The competition takes place on April 3, 2013, from 4 to 7 p.m. at the Armstrong Education Building on the Johns Hopkins East Baltimore campus. The top winner will receive $25,000. The other four finalists also will receive cash awards of $12,500 for second place; $6,250 for third place; $3,150 for fourth place; and $1,500 for fifth place.

The program is designed to encourage students as well as young scientists and physicians to look at the problem of metastatic cancer and propose creative, "out of the box" treatment strategies.

"This competition has attracted many excellent ideas from very smart and creative individuals," says Theodore DeWeese, M.D., professor and chairman of Radiation Oncology and Molecular Radiation Services at the Johns Hopkins Sidney Kimmel Comprehensive Cancer Center. DeWeese is the chief faculty sponsor of the Rangos Awards.

"The finalists will be judged on the novelty of their ideas and the scientific merit, as well as the feasibility of future clinical application of their proposals," says De Weese.

John G. Rangos Sr., the chairman of the Rangos Family Foundation, is funding the competition, which is now in its second year. Rangos, a retired CEO and serial entrepreneur, is a globally renowned philanthropist and longtime supporter of Johns Hopkins Medicine.

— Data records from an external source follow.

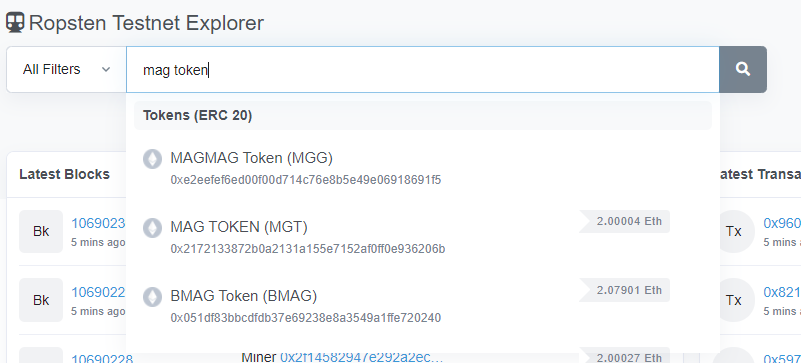 우리는 ropsten에서 발행할 것이기 때문에 우측 상단의 아이콘을 눌러 ropsten testnet을 선택해 https://ropsten.etherscan.io/ 로 이동해준다.
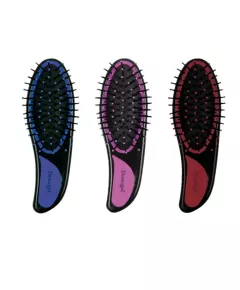 Szczotka przeznaczona do włosów długich i grubych. Doskonała do mocno splątanych włosów, przy tym delikatna, przeciwdziała strzępieniu się końcówek. Nylonowe igły, o zaokrąglonych końcach, mocno osadzone zostały na gumowej poduszeczce. Posiada gumowy, ergonomiczny uchwyt. Wymiary: długość...
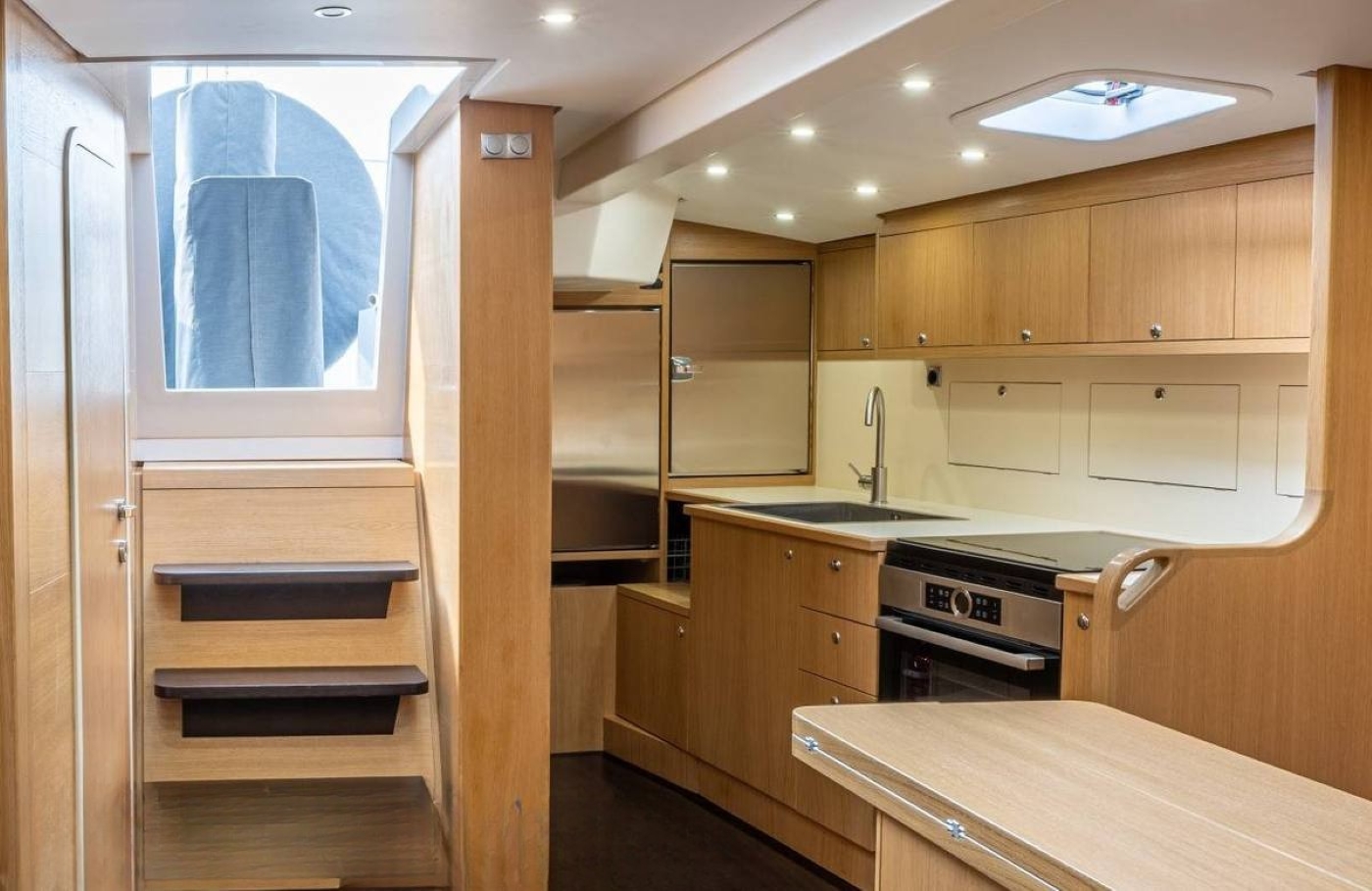 The main salon has two table settings: one large L-shaped sofa surrounding a fold away table and another banquette with two opposing sofas and table. The décor is tidy and simple with wood panelling and blue soft furnishings.
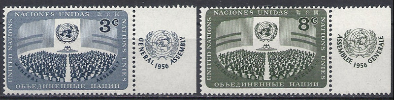 1956 r. ONZ. Mi 51 - 52**. Znaczki czyste z klejem stan nowy. Polecam
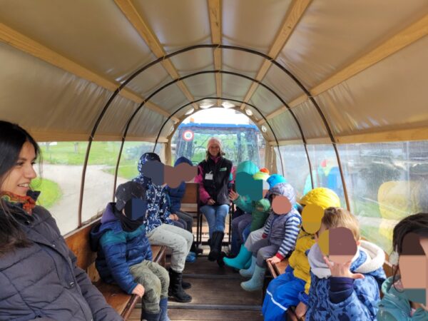 Voici l’heure du goûter bien mérité. Une fois désaltérés et repus, afin de finir l’année scolaire en beauté, nous partons faire un tour en chariote au bord de la forêt. La cerise sur le gâteau!

"Every family knows someone who has suffered from cancer. Some forms of the disease can be cured even after they have spread, but most are not," says Rangos. "The goal of the competition is to inspire original ideas and innovative approaches. When cancer is finally cured, I believe it will be cured by someone at Johns Hopkins," says Rangos.

"We are grateful to Mr. Rangos for supporting this very worthwhile project," DeWeese says.

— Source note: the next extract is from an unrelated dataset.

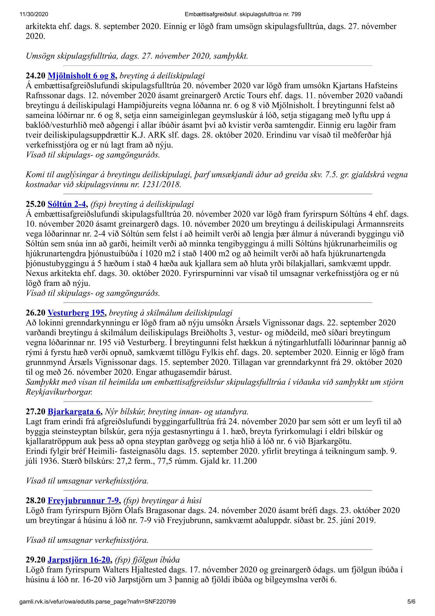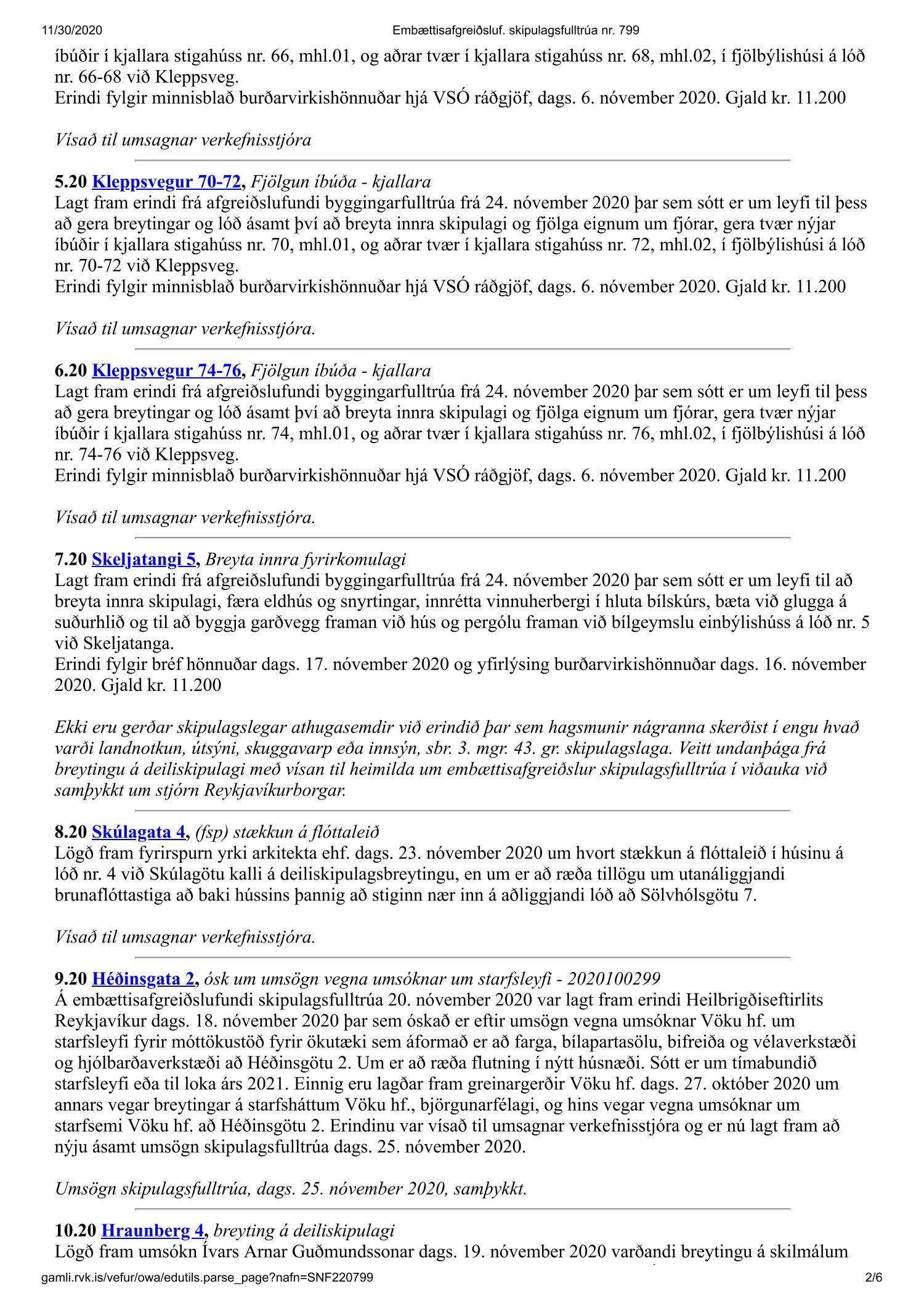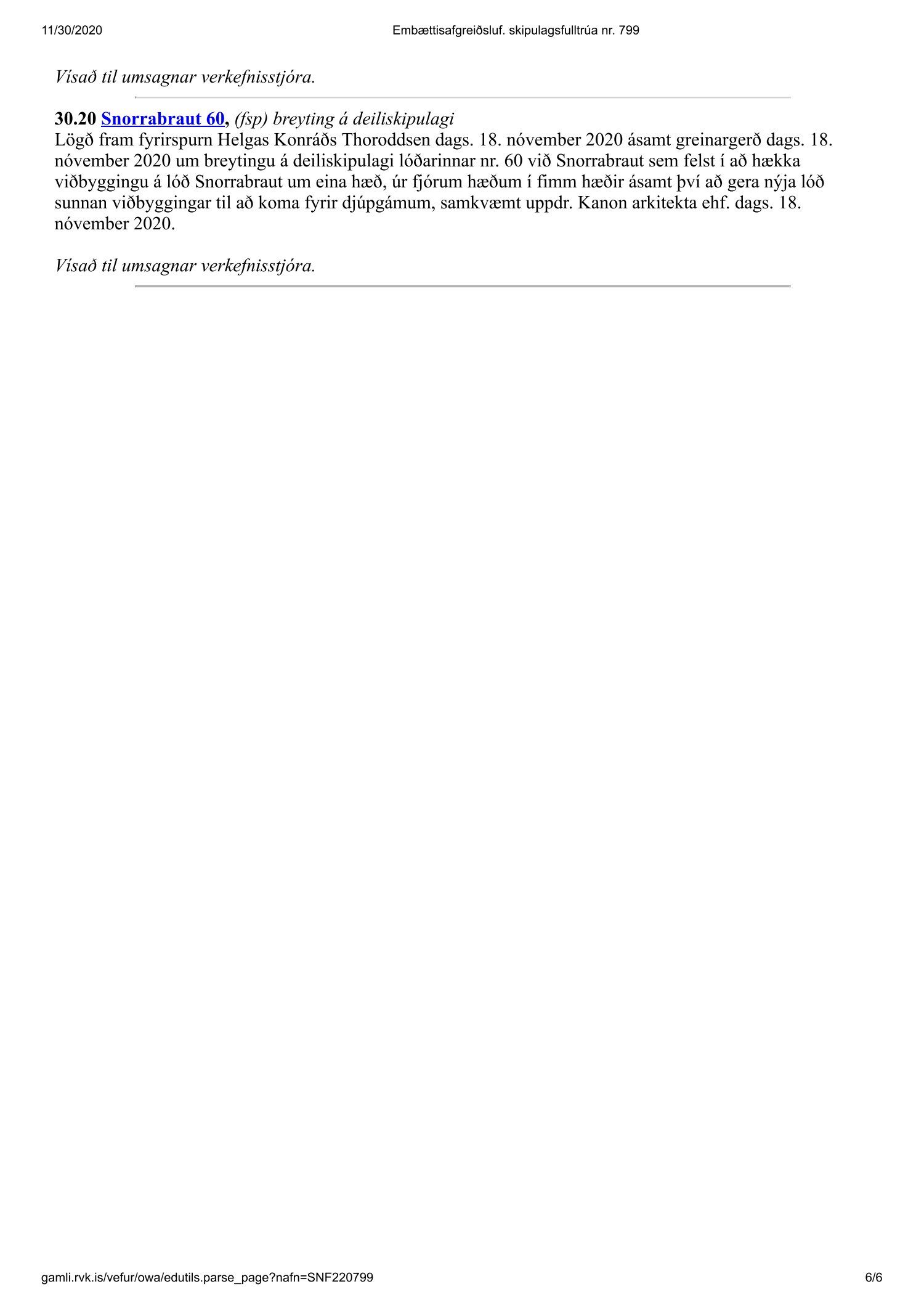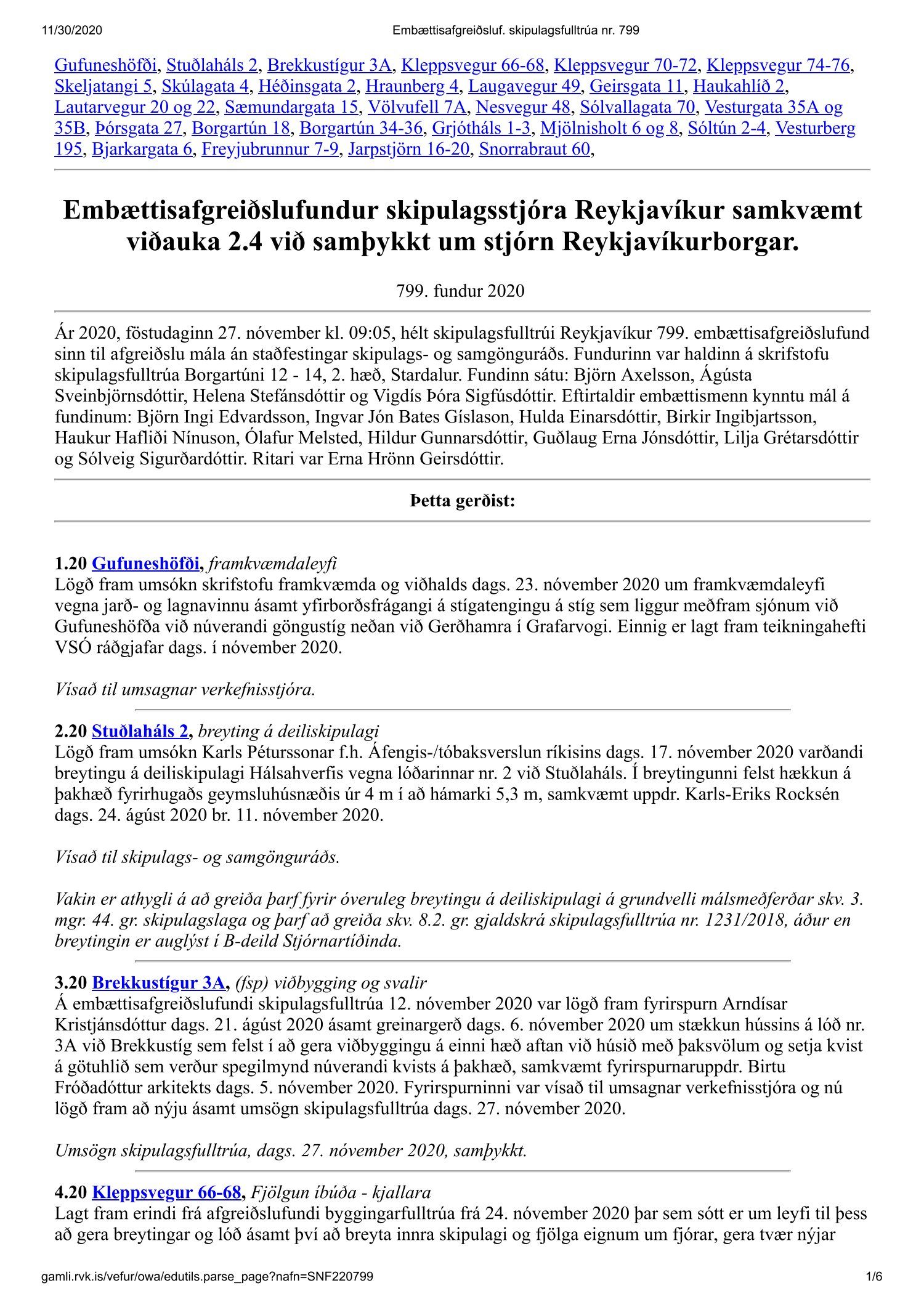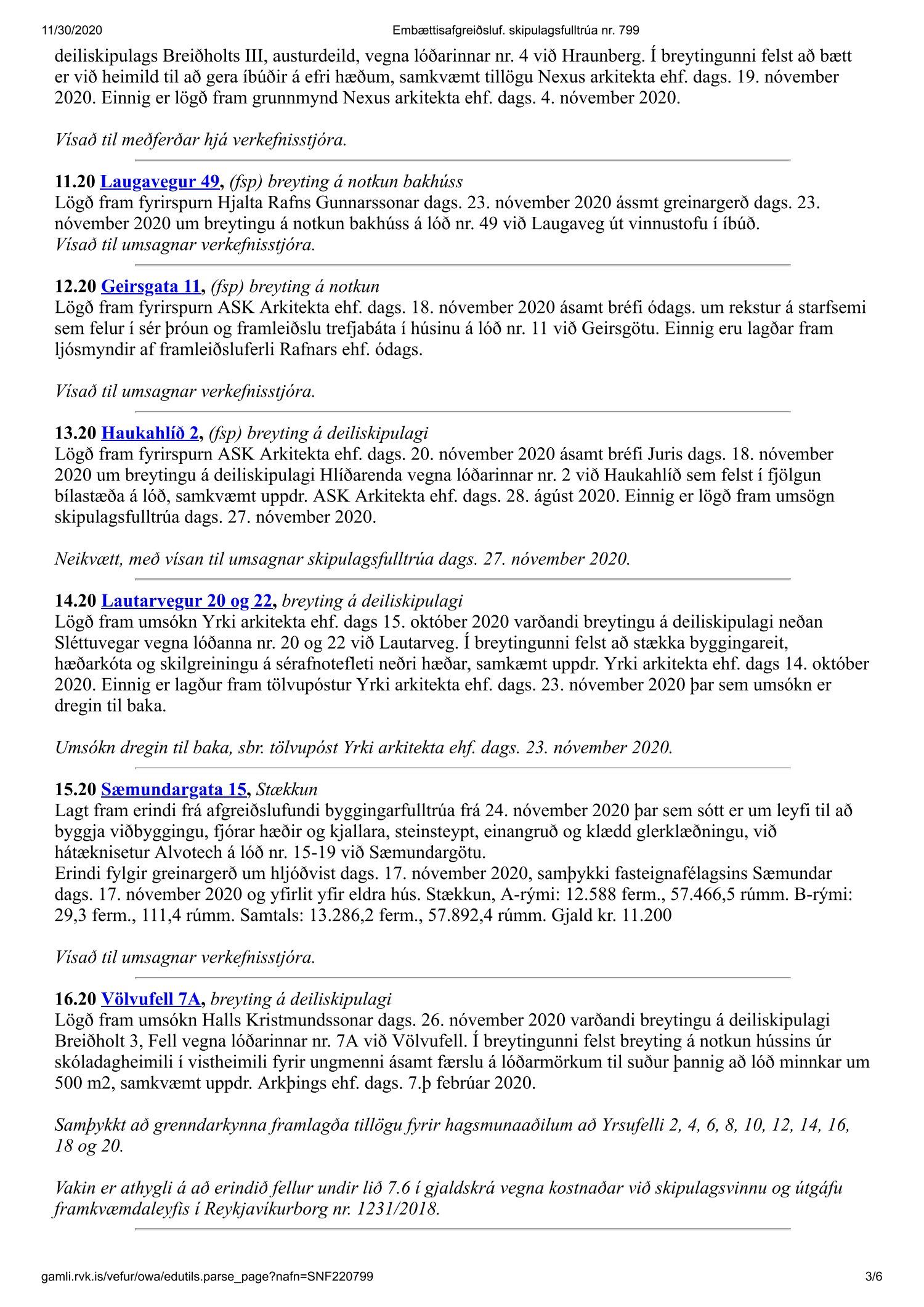 Fundargerð skipulagsfulltrúa nr. 799

Benjamin Carson, M.D., professor and director of the Division of Pediatric Neurosurgery at Johns Hopkins, will emcee the event.

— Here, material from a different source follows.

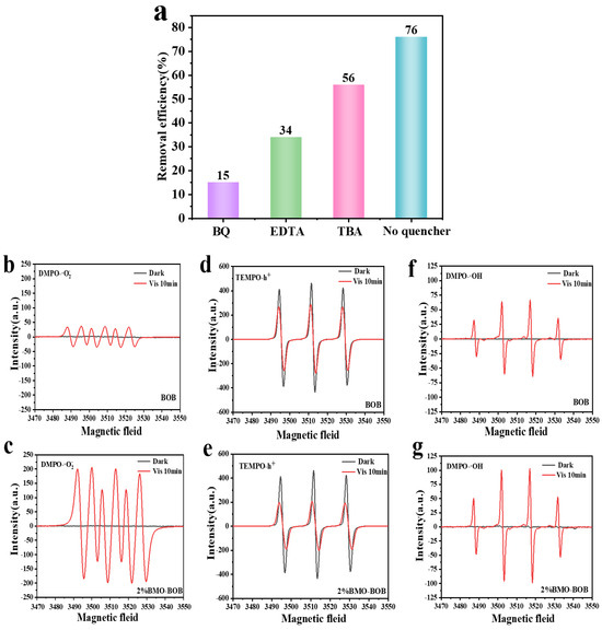 (a) Free radical capture experiment; (b–g) The ESR spectra of BOB and 2% BMO–BOB; (b,c) ·O2− spectra of BOB and 2% BMO–BOB; (d,e) h+ spectra of BOB and 2% BMO–BOB; (f,g) ·OH spectra of BOB and 2% BMO–BOB.
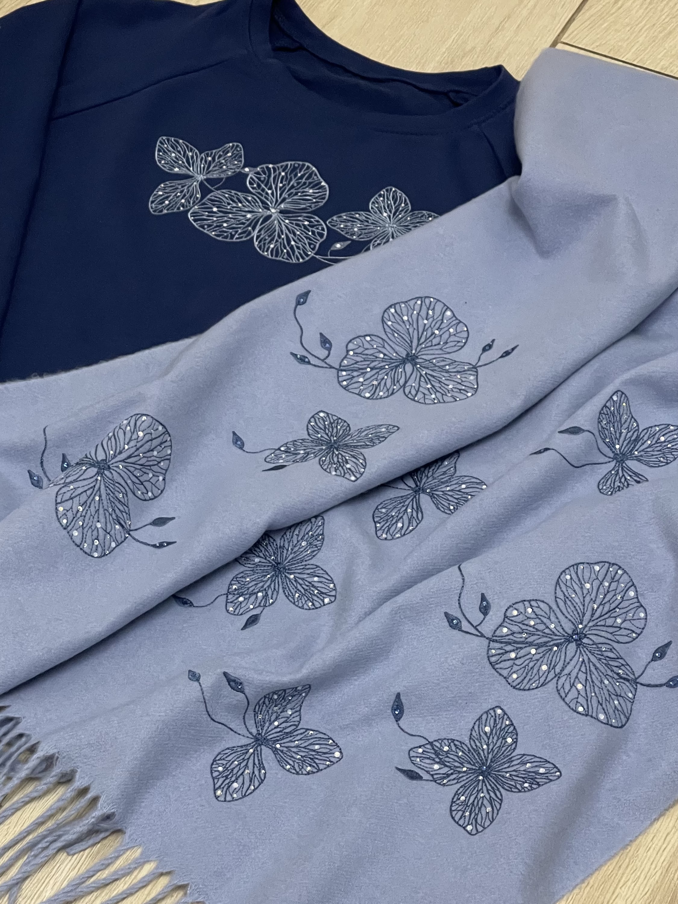 The design is created specifically to combine machine embroidery techniques and rhinestone inlay to achieve the effect of fragile frosty flowers with ice drops.

The competition was open to all currently enrolled full-time students and trainees at the Johns Hopkins University, including undergraduate, graduate and medical students, residents and fellows. A university-wide panel of faculty members judged the essays and came up with the five finalists.

The finalists are:

  • Jason D. Howard, Ph.D., postdoctoral fellow in the Head and Neck Cancer Therapeutics Program in the Department of Oncology
  • Sylvie Stacy, M.D., resident in General Preventive Medicine
  • Hogan Tang, Ph.D., postdoctoral fellow in Biological Chemistry
  • Ashwin Ram, M.D., resident in Radiation Oncology
  • Xiaochuan Yang, Ph.D., postdoctoral fellow in Oncology-Hematologic Malignancies

The finalists, as well as Mr. Rangos and Dr. DeWeese, will be among those available for interviews.